Tuesday, November 07, 2006

Text on a path

Yesterday a rather large selection of trolls went to see Borat and while waiting for the movie to start Simon and I started talking about adding support for layouting of text on a path in Qt. I've sat down today, did the necessary math and added some extra members to QPainterPath and QBezier to make it all work. As always I wrote a short demo to illustrate what I'm talking about. I felt a little guilty tough because while I never blog about politics I see more and more people on planetkde feeling obliged to share their opinions on the world of politics. So my hard hitting politically charged statement for today is "i really like cookies". Discuss among yourselves.
With visual aids the results of it all are shown in this short Ogg Theora video file here and the screenshots look like this:


It's actually pretty neat (the code, not the fact that I like cookies). It's not yet integrated at all within the QTextDocument (also the code and not the cookies) framework but hopefully we'll be able to figure something out (both the code and the cookies) before Qt 4.3.
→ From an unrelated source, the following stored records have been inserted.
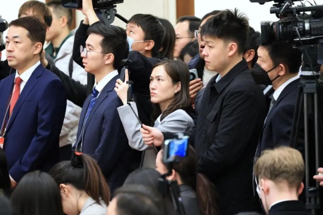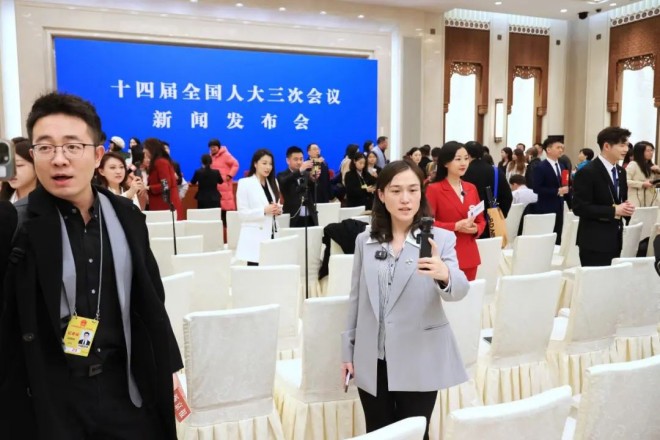 中國冶金報社兩會報道組記者樊三彩(中)在新聞發布會上拍攝小視頻報道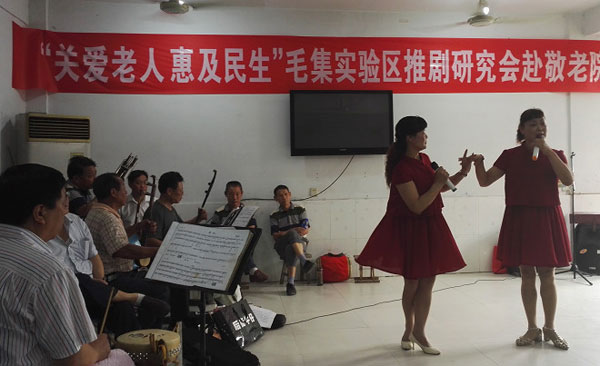 演出现场,毛集实验区推剧研究会的演员们表演了丰富多彩的戏曲节目,演唱了传统推剧《小包公》、《玲珑玉梳》和豫剧《穆桂英挂帅》、《大登殿》等10多首经典曲目,引得现场观众的掌声、欢呼声不断,听到高兴之处台下的老人们还会跟着轻声哼唱一段。演员们演得尽力,老人们看得过瘾。
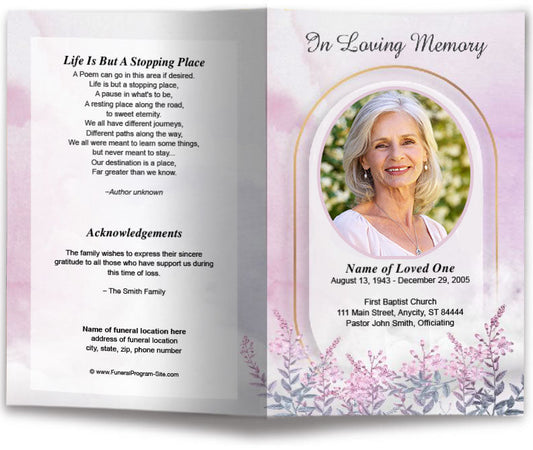 Blush Watercolor Funeral Program Template

Thursday, November 02, 2006

Expressing myself

Simon and I went for a few days to Berlin. It was a lot of fun. Being able to hang out with Ellen, Scott, Espen and Matthias is always great.
Ellen is vegetarian, so thanks to her I've eaten better in Berlin than I think I did the whole last year (granted that my frame of reference is all messed up when it comes to food, but still).
On Tuesday Scott dragged us to a free jazz concert. Simon even contemplated joining and playing along. I was busy being generally freaked out. In the middle of the thing one of the guys playing, walked away from his keyboard, lied down in the middle, on his back, hiked his legs way up in the air and started wiggling his feet. Everyone was clapping and cheering. I've learned that he was not "messed up" as I, personally thought, but was "expressing himself" which is a good thing. I'm not 100% certain how to distinguish between the two but I'm sure I can use this "expressing myself" thing to my advantage. In fact Simon and I kept expressing ourselves throughout our stay in Berlin by getting lost all the time. It's not that we had no clue where we were going - we were simply trying to show that humans, as individuals, are sometimes getting lost in this great world, but no matter how lost one gets, how smelly the subway is that took one the wrong direction or how funny the word "wurst" is, there always is Ellen waiting with some food or maybe even Snapple's... Or something along those lines. I'm still trying to work out this pretentious art thing, but I think I almost got it.
Simon and I even had a few minutes to look at WebKit. I haven't looked at it since we have done the initial port. We fixed most of the serious issues. The rendered pages should all look fine.

I still have 3 patches in WebKit's bugzilla but hopefully they'll get in soon. It feels a little weird to be writing patches, for code that I wrote, fixing my bugs in a project I've been working on for so long and not being able to commit myself. Waiting for others to review and commit my patches to my code is a little, well, silly. But I understand, they changed some style rules and are trying to keep it consistent, while my motivation to read "style guide" documents is basically zero so it's ok to have people look over the patches to make sure they match the style guide.

Right now it mostly sucks for me because I'm forced to keep a few patchsets and since a few of them are not in the main repository, I have to be reverting them to work on fixing something else and wait for them to be committed to the main repository. I think it will take me two or three days of spare-time work to get it to a point where it's more/less usable and once it's there I can comfortably leave it to George and Niko who did amazing job up till now. Plus there seems to be great interest in it from others. Personally, with my todo, I couldn't be bothered to work like I am right now - maintaining local patchsets and reverting and applying them over again, that workflow is just too painful to keep it up. I have this strange perversion where I like to commit my patches to my code myself =) But as I found out in Germany, that's not weird, that's just me expressing myself.